On 7/5/25 01:19, Al Viro wrote:
> On Sun, Apr 06, 2025 at 09:43:02PM +0100, Tingmao Wang wrote:
> 
>> +struct v9fs_ino_path *make_ino_path(struct dentry *dentry)
>> +{
>> +	struct v9fs_ino_path *path;
>> +	size_t path_components = 0;
>> +	struct dentry *curr = dentry;
>> +	ssize_t i;
>> +
>> +	lockdep_assert_held_read(&v9fs_dentry2v9ses(dentry)->rename_sem);
>> +
>> +	rcu_read_lock();
>> +
>> +    /* Don't include the root dentry */
>> +	while (curr->d_parent != curr) {
>> +		path_components++;
>> +		curr = curr->d_parent;
>> +	}
>> +	if (WARN_ON(path_components > SSIZE_MAX)) {

(Looking at this again I think this check is a bit bogus.  I don't know
how would it be possible at all for us to have > SSIZE_MAX deep
directories especially since each level requires a dentry allocation, but
even if this check is actually useful, it should be in the while loop,
before each path_components++)

>> +		rcu_read_unlock();
>> +		return NULL;
>> +	}
>> +
>> +	path = kmalloc(struct_size(path, names, path_components),
>> +		       GFP_KERNEL);
> 
> Blocking allocation under rcu_read_lock().
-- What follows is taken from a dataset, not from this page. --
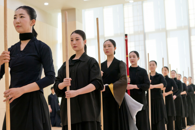 국립부산국악원 무용단이 오는 29~30일 국립부산국악원 연악당에서 2024 정기 공연 신작 ‘학(鶴)-상생과 평화의 영남춤 합설'을 선보인다. 사진은 무용단 연습 모습. 국립부산국악원 제공

I think my first instinct of how to fix this, if the original code is
correct barring this allocation issue, would be to take rcu read lock
twice (first walk to calculate how much to allocate, then second walk to
actually take the snapshots).  We should be safe to rcu_read_unlock() in
the middle as long as caller has a reference to the target dentry (this
needs to be true even if we just do one rcu_read_lock() anyway), and we
can start a parent walk again.  The v9fs rename_sem should ensure we see
the same path again.

Alternatively, we can use dget_parent to do the walk, and not lock RCU at
all.  We still need to walk twice tho, to know how much to allocate.  But
for now I will keep the current approach.

New version:

/*
 * Must hold rename_sem due to traversing parents.  Caller must hold
 * reference to dentry.
 */
struct v9fs_ino_path *make_ino_path(struct dentry *dentry)
{
	struct v9fs_ino_path *path;
	size_t path_components = 0;
	struct dentry *curr = dentry;
	ssize_t i;

	lockdep_assert_held_read(&v9fs_dentry2v9ses(dentry)->rename_sem);
	might_sleep(); /* Allocation below might block */

	rcu_read_lock();

	/* Don't include the root dentry */
	while (curr->d_parent != curr) {
		if (WARN_ON(path_components >= SSIZE_MAX)) {
			rcu_read_unlock();
			return NULL;
		}
		path_components++;
		curr = curr->d_parent;
	}

	/*
	 * Allocation can block so don't do it in RCU (and because the
	 * allocation might be large, since name_snapshot leaves space for
	 * inline str, not worth trying GFP_ATOMIC)
	 */
	rcu_read_unlock();

	path = kmalloc(struct_size(path, names, path_components), GFP_KERNEL);
	if (!path) {
		rcu_read_unlock();
		return NULL;
	}

	path->nr_components = path_components;
	curr = dentry;

	rcu_read_lock();
	for (i = path_components - 1; i >= 0; i--) {
		take_dentry_name_snapshot(&path->names[i], curr);
		curr = curr->d_parent;
	}
	WARN_ON(curr != curr->d_parent);
	rcu_read_unlock();
	return path;
}

How does this look?

On 7/5/25 01:25, Al Viro wrote:
> On Sun, Apr 06, 2025 at 09:43:02PM +0100, Tingmao Wang wrote:
>> +bool ino_path_compare(struct v9fs_ino_path *ino_path,
>> +			     struct dentry *dentry)
>> +{
>> +	struct dentry *curr = dentry;
>> +	struct qstr *curr_name;
>> +	struct name_snapshot *compare;
>> +	ssize_t i;
>> +
>> +	lockdep_assert_held_read(&v9fs_dentry2v9ses(dentry)->rename_sem);
>> +
>> +	rcu_read_lock();
>> +	for (i = ino_path->nr_components - 1; i >= 0; i--) {
>> +		if (curr->d_parent == curr) {
>> +			/* We're supposed to have more components to walk */
>> +			rcu_read_unlock();
>> +			return false;
>> +		}
>> +		curr_name = &curr->d_name;
>> +		compare = &ino_path->names[i];
>> +		/*
>> +		 * We can't use hash_len because it is salted with the parent
>> +		 * dentry pointer.  We could make this faster by pre-computing our
>> +		 * own hashlen for compare and ino_path outside, probably.
>> +		 */
>> +		if (curr_name->len != compare->name.len) {
>> +			rcu_read_unlock();
>> +			return false;
>> +		}
>> +		if (strncmp(curr_name->name, compare->name.name,
>> +			    curr_name->len) != 0) {
> 
> ... without any kind of protection for curr_name.  Incidentally,
> what about rename()?  Not a cross-directory one, just one that
> changes the name of a subdirectory within the same parent?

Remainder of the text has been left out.